Dr Gillian Polack does not compose simple books, although the various historical vignettes, present-day supernatural encounters and dinner parties are all cast in lovely, clear prose (and those scattered pieces dated some ten years later – watch out for those). It's the way they are fitted together: like the menus of those dinner parties, some of which are overtly magical. A garden can be magical if the right trees and herbs are laid out in the right configuration. And the torturous thought processes of a teenager can be among the most potent configurations of all. When the very streets are turning on you, it doesn't pay to dismiss intuition, and it certainly would not pay to skip a "slow" paragraph or dismiss a seemingly irrelevant detail. I found myself flipping back and forth, to make sure that something indeed read as I remembered and that this latest snippet meant what I thought. Polack doesn't cheat: the information is all there. But this map isn't going to show you the quickest route, rather, the most meaningful.

This is because much of the action takes place inside people's heads. The first impression you receive of a situation will generally be how that person feels, with the actual circumstances filtering through as it plays out. What this achieves is a strange but effective levelling of the playing field, where the realisation that an elderly friend is a fairy arrives with no more fanfare than the discovery that an elderly friend is having sex. Indeed, the latter may be considerably more traumatic. Polack's idea of magic is at least fifty percent psyche-out and intrinsic to the wielder's soul. And if that fails, bus routes supply another good way of dealing with recalcitrant ghosts.

But between the cooking and the emotional melt-downs, the sense of otherworldly horror is strong. Despite individual successes, the threat to the protagonists and the city rises steadily towards the Terror Time. It should already be clear from what was said about cultural transfer that the entities concerned are not indigenous to Australia. The mandate of our kind-of ghostbusters is very clear: they interfere with nothing that was already here. Canberra's ancient spirits are both acknowledged and quite safe. The nationality of the Shadow Child? That one is universal.

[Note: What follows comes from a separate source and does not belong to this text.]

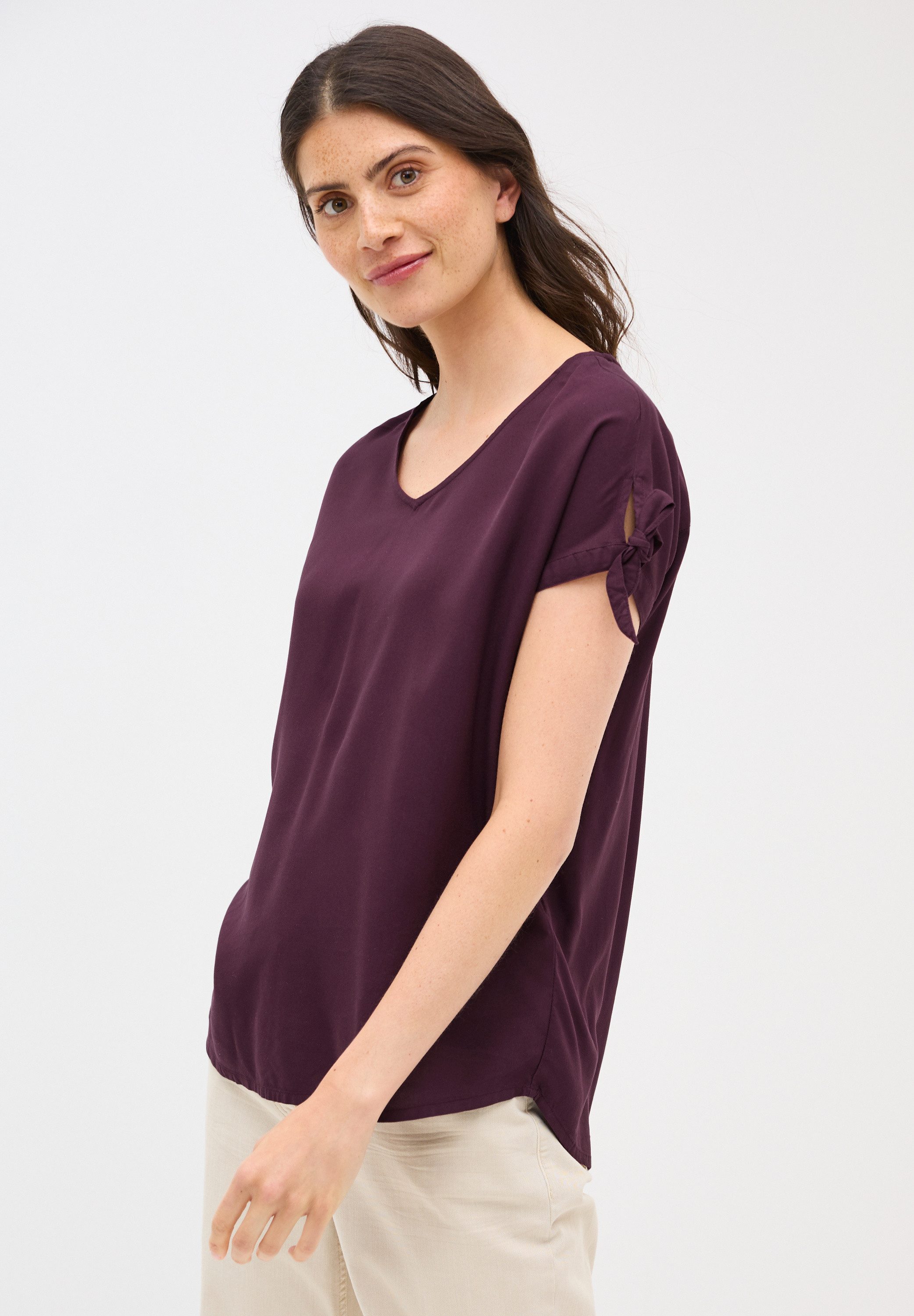 Besondere Merkmale | Blusenshirt mit gerundetem V-Ausschnitt |

In many ways, this book is about the process and the necessity of learning, and of keeping learning for as long as life flickers. Learning, for Polack, is an unlimited activity and includes, of necessity, dealing with what you learn. There are always choices to be made, some of them hard, but the right decisions lead to growth. And growth is marvellous.

"Daphne," Lil said, "I love the scent of daphne."

Someone had to write this down. We may be glad that Polack did it with such humour and compassion.